# Electric force inside a cylinder(my friends and I can't solve this

• catsonmars
In summary: This is a standard E-field calculation.2nd integrate z from -L/2 to L/2 to find the total force.In summary, the problem discusses a right circular cylinder with a nonuniform volume charge density that varies linearly in the z direction. The goal is to find the force on a point charge placed at the center of the cylinder. To solve this, the cylinder is sliced into disks of thickness dz and the force due to each disk is calculated using standard E-field equations. The total force is found by integrating z from -L/2 to L/2.
catsonmars
Electric force inside a cylinder(my friends and I can't solve this:(

## Homework Statement

A right circular cylinder has radius R and length L, and a nonuniform volume charge density ρ($\hat{r}$). If the z axis is chosen to coincide with the axis of the cylinder, the charge density is ρ($\hat{r}$) = ρ(z$\hat{z}$) = ρ(o)+βz This means that the charge density varies linearly along the length of the cylinder. Find the force on a point charge q placed at the center of the cylinder.

Note ρ(o) is the initial density or "ρ not". Also my picture has been cut off the line on the far right is capital L

## Homework Equations

The total force on the charge is the sum of the froces from each charge density. Note that the charge densities are not all equal. The porblem states that if were to look at the charge density as we move along the z axis it would change linearly.

F=∫dF
where dF is

The individual force equations can be written as.
dF=[κ(dq^2)/r(12)^2]$\hat{r}$(12)/r(12)
NOTE:r(12) is read as r subscript 12.

where r is the distance from the charge density to the center charge and is written as

r=(h^2+l^2)^1/2

The charge density is ρ=dq/dV
Solve for dq and substitute in ρ=ρ(o)+βz

dq=(ρ(o)+βz)(dV)

## The Attempt at a Solution

Use these equations to solve for dF to find the total force. This is where I start getting confused. First before I begin. The problem makes it sound as if the charge density is exclusively on the z axis, is that correct. If that is the case I am just integrating the density from 0 to L. This feels wrong though. Also this would make my picture wrong! Here is what I have so far.dF=[κ(ρ(o)+βz)(dV)]$\hat{r(12)}$/r^3

substitute in r=(h^2+l^2)^1/2

dF=[κ(ρ(o)+βz)(dV)]$\hat{r(12)}$/(h^2+l^2)^3/2

Now integrate both sides.

∫dF=κ∫[(ρ(o)+βz)(dV)]$\hat{r(12)}$/(h^2+l^2)^3/2

I am integrating over F in the first integral and in the second one I am integrating from 0 to L.
If my picture is right I feel like I am missing two more integrals so I could integrate over the volume. Where am I going wrong or what am I missing?

catsonmars said:
First before I begin. The problem makes it sound as if the charge density is exclusively on the z axis, is that correct.
No. The problem states that the charge density varies only in the z direction - implies it is uniform in the x-y directions.

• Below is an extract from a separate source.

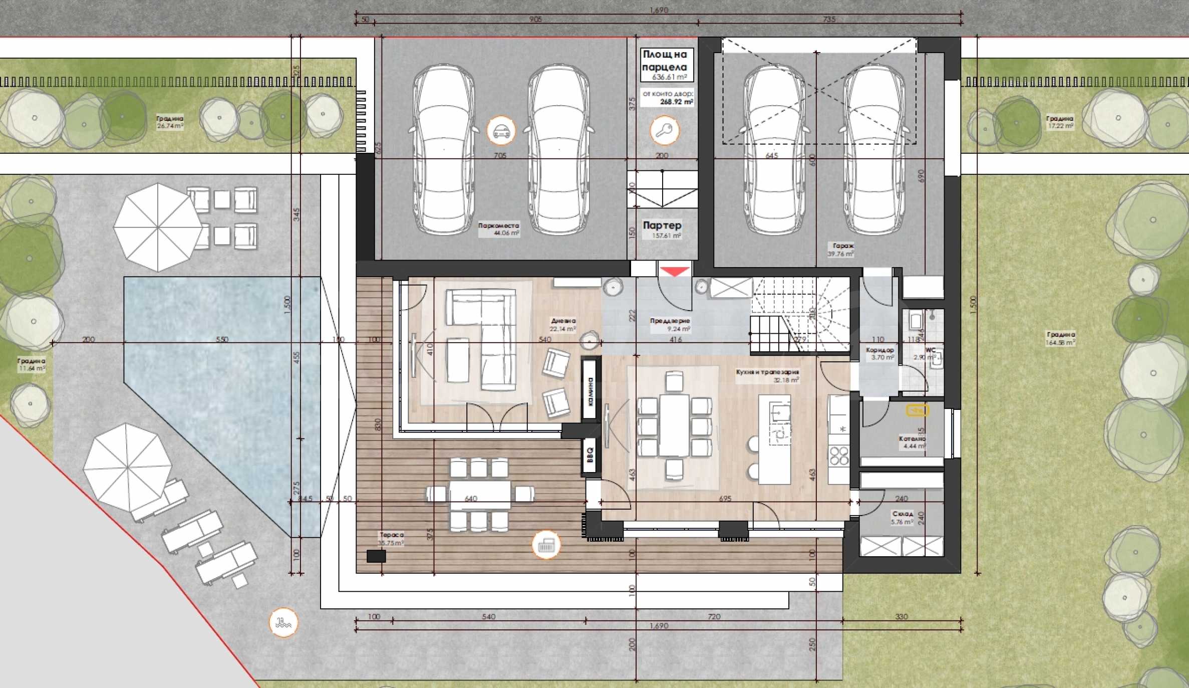 с террасами, парковочными местами, входом и зоной бассейна – 597,36 м2.

You need to slice the cylinder into disks thickness dz.
1st find the expression for the force due to the disk of charge at position z.

## 1. What is electric force inside a cylinder?

Electric force inside a cylinder refers to the force exerted by electric charges on each other within a cylindrical space. This force is caused by the interaction between charged particles, such as electrons, and is a fundamental force in physics.

## 2. How is electric force calculated inside a cylinder?

The magnitude of electric force inside a cylinder can be calculated using Coulomb's law, which states that the force between two charged particles is directly proportional to the product of their charges and inversely proportional to the square of the distance between them. The direction of the force is determined by the charges' polarity.

## 3. What factors affect the electric force inside a cylinder?

The electric force inside a cylinder is affected by the amount of charge present, the distance between the charges, and the properties of the material surrounding the charges. The presence of other charged particles or external electric fields can also influence the force.

## 4. How can I solve for the electric force inside a cylinder?

To solve for the electric force inside a cylinder, you will need to know the charges present, the distance between them, and the properties of the surrounding material. You can then use Coulomb's law to calculate the force, or you can use mathematical equations specific to cylindrical geometries.

## 5. Can you provide an example of calculating electric force inside a cylinder?

Sure, let's say we have two point charges of +2 microcoulombs and -3 microcoulombs, separated by a distance of 5 centimeters inside a non-conductive cylinder. Using Coulomb's law, we can calculate the force between them to be 1.8 x 10^-7 newtons. Alternatively, we can use the equation Fe = (kQ1Q2)/r^2, where k is the Coulomb's constant, Q1 and Q2 are the charges, and r is the distance between them, to arrive at the same result.